--- What is required ---
Where the listing below reaches the line containing "Vue du site", start writing out lines exactly, and stop once the line containing "Ryze ženské obsazení" has been written.

--- Input data ---

━━━━━━━━━━

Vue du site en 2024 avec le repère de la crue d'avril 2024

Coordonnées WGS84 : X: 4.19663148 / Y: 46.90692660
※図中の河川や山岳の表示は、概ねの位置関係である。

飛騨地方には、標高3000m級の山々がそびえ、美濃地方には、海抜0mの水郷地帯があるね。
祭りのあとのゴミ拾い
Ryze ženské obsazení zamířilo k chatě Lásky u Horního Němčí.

━━━━━━━━━━

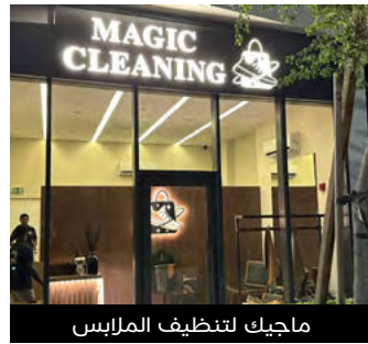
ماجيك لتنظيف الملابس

━━━━━━━━━━

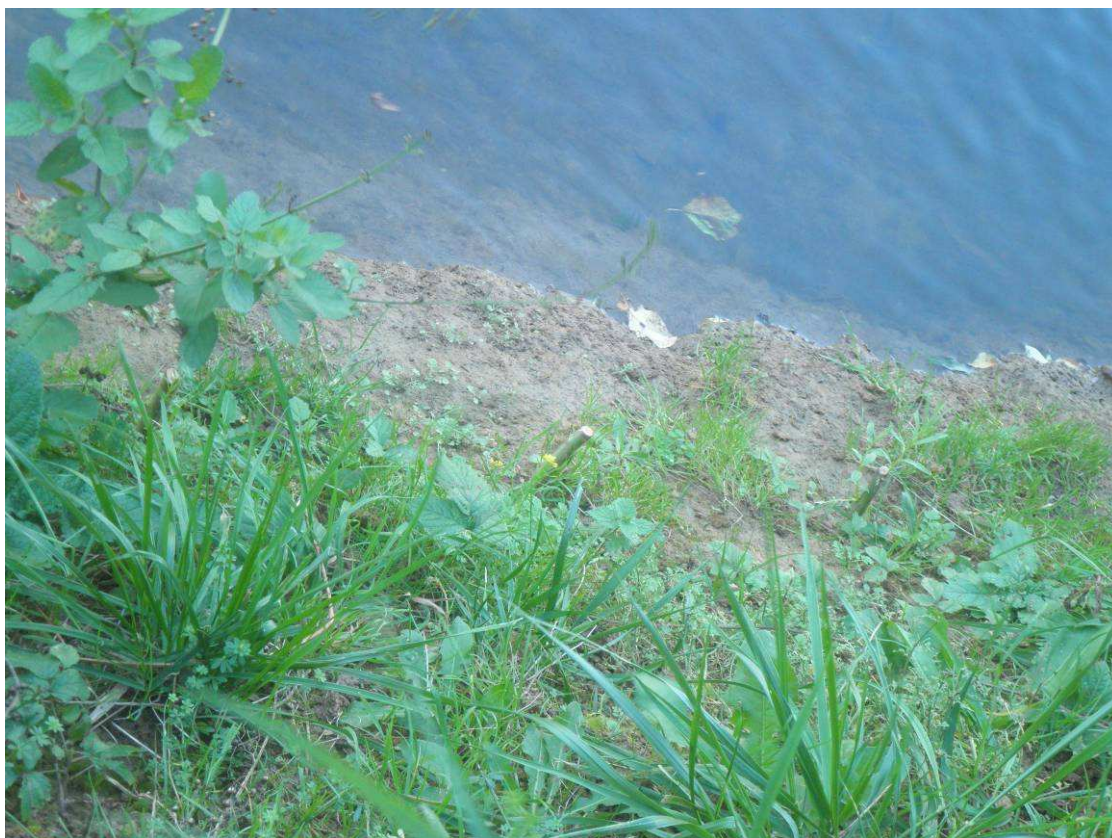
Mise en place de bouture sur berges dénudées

━━━━━━━━━━

--- Result for this exercise ---
Vue du site en 2024 avec le repère de la crue d'avril 2024

Coordonnées WGS84 : X: 4.19663148 / Y: 46.90692660
※図中の河川や山岳の表示は、概ねの位置関係である。

飛騨地方には、標高3000m級の山々がそびえ、美濃地方には、海抜0mの水郷地帯があるね。
祭りのあとのゴミ拾い
Ryze ženské obsazení zamířilo k chatě Lásky u Horního Němčí.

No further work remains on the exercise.